• _Records to process_
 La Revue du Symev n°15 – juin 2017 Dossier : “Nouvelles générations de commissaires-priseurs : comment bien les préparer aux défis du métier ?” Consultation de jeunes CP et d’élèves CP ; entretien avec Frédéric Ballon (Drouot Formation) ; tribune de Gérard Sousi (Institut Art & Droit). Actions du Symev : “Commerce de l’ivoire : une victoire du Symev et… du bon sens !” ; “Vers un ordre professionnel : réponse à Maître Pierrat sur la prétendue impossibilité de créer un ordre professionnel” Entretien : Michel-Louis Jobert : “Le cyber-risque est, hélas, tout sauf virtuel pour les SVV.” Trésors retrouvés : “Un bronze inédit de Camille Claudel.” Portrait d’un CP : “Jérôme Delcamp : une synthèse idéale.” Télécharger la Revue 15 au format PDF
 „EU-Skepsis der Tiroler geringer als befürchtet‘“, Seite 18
* * *
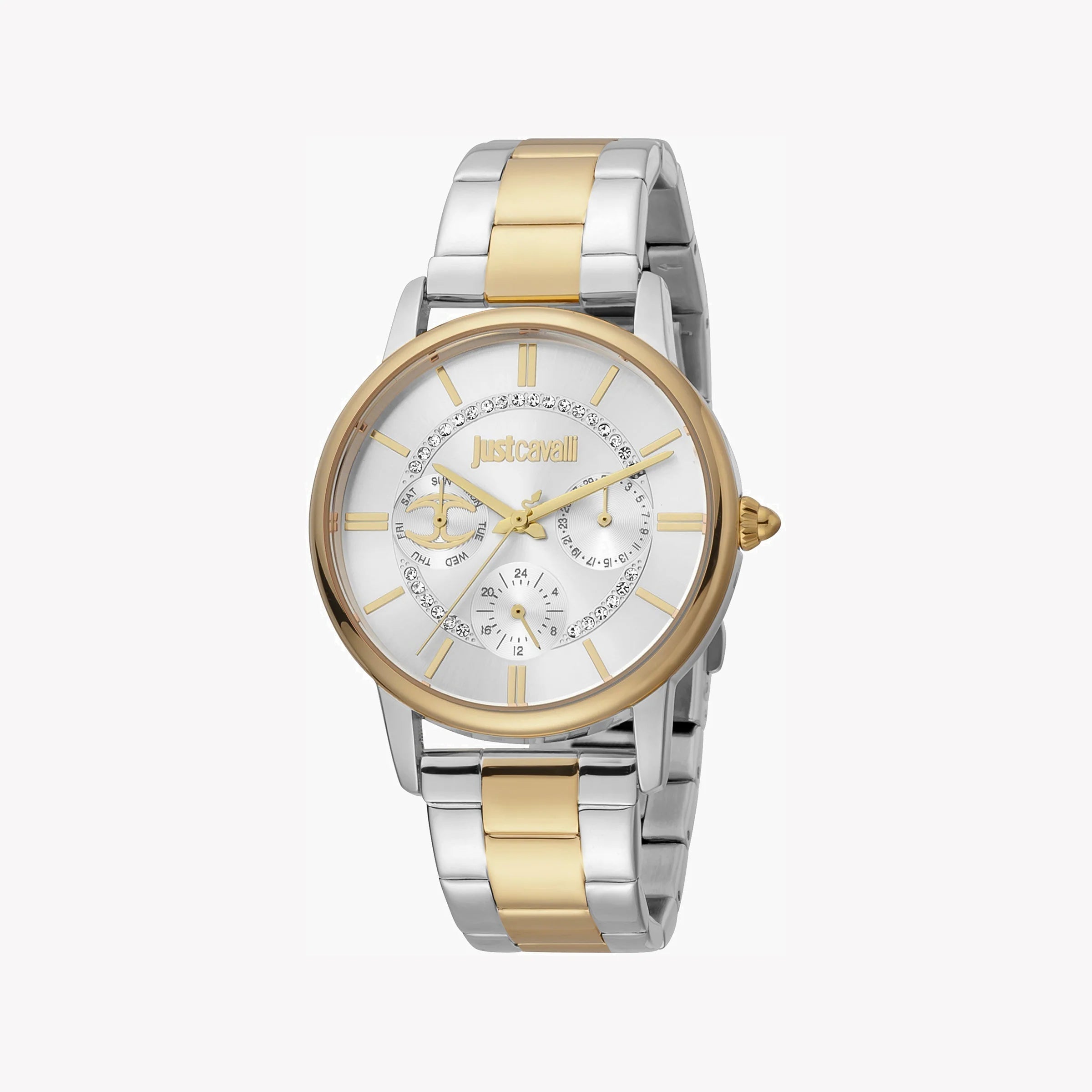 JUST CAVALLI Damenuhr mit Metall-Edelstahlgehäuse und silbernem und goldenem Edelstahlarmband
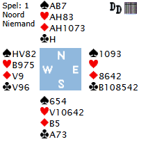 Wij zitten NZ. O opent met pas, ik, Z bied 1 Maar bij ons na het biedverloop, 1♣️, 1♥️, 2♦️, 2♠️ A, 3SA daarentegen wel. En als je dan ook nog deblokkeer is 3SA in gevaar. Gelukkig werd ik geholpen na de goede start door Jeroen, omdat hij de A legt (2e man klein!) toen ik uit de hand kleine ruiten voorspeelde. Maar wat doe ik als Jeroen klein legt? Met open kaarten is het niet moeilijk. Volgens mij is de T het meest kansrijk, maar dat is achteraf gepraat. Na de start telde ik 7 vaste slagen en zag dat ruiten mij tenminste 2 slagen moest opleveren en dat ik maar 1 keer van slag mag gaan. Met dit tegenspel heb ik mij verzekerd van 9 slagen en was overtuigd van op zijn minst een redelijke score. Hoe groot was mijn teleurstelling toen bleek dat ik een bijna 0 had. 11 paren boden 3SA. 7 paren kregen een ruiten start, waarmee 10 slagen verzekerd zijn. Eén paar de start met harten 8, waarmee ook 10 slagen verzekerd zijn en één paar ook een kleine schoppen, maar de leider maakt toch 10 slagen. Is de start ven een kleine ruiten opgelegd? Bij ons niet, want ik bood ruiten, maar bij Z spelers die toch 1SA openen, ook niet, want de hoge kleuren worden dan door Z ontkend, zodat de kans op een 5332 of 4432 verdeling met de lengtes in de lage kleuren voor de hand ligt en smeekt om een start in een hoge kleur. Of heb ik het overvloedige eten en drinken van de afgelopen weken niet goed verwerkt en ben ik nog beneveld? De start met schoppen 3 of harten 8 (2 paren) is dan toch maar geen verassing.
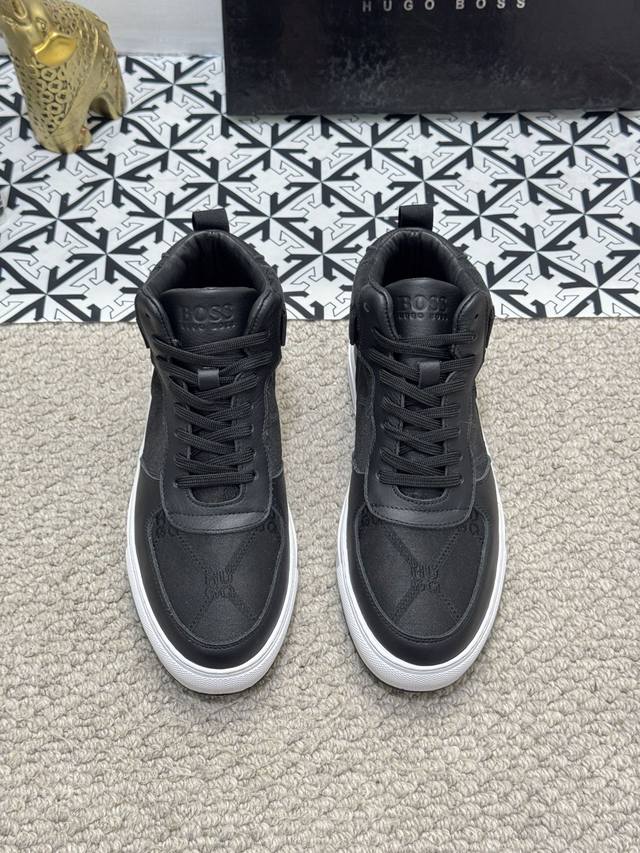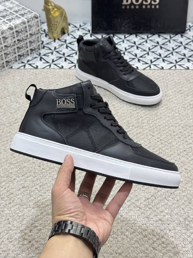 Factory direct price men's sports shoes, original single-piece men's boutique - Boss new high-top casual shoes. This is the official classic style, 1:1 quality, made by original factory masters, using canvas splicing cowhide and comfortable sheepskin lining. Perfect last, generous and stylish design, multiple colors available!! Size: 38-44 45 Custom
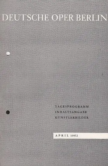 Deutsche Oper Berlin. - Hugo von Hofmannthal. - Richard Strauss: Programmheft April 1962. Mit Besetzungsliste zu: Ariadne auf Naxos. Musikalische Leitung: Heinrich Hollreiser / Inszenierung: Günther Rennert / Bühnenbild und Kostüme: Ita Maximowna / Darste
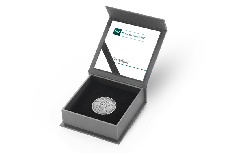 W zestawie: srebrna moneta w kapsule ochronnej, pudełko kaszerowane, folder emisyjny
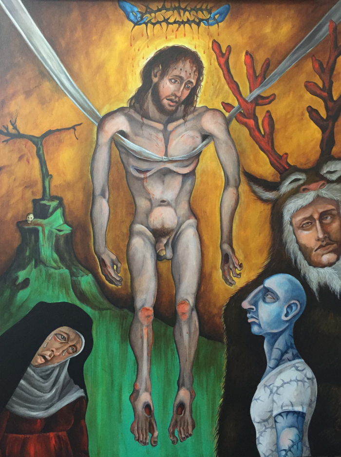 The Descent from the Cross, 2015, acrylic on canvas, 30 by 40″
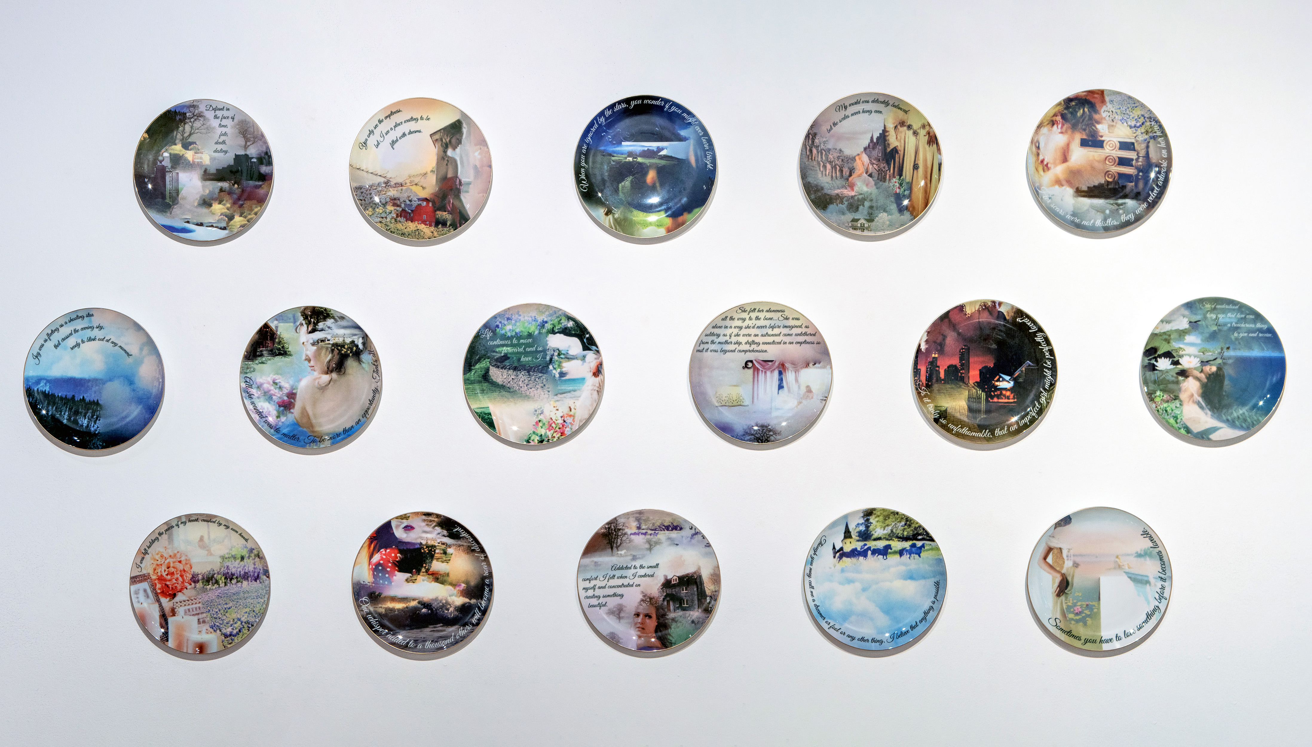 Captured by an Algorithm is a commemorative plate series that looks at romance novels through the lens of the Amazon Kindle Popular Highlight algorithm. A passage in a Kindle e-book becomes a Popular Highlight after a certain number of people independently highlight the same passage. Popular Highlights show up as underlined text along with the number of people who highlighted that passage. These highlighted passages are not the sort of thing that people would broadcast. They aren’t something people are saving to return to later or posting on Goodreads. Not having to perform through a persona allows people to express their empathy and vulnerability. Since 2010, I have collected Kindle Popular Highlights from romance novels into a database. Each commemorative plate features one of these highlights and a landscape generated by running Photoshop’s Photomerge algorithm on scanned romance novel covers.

• _What is required_
Print, word for word, the lines above that run from the line containing "Deutsche Oper Berlin." to the line containing "The Descent from", both included. Keep the pictures out.

• _Answer to this problem_
 Deutsche Oper Berlin. - Hugo von Hofmannthal. - Richard Strauss: Programmheft April 1962. Mit Besetzungsliste zu: Ariadne auf Naxos. Musikalische Leitung: Heinrich Hollreiser / Inszenierung: Günther Rennert / Bühnenbild und Kostüme: Ita Maximowna / Darste
 W zestawie: srebrna moneta w kapsule ochronnej, pudełko kaszerowane, folder emisyjny
 The Descent from the Cross, 2015, acrylic on canvas, 30 by 40″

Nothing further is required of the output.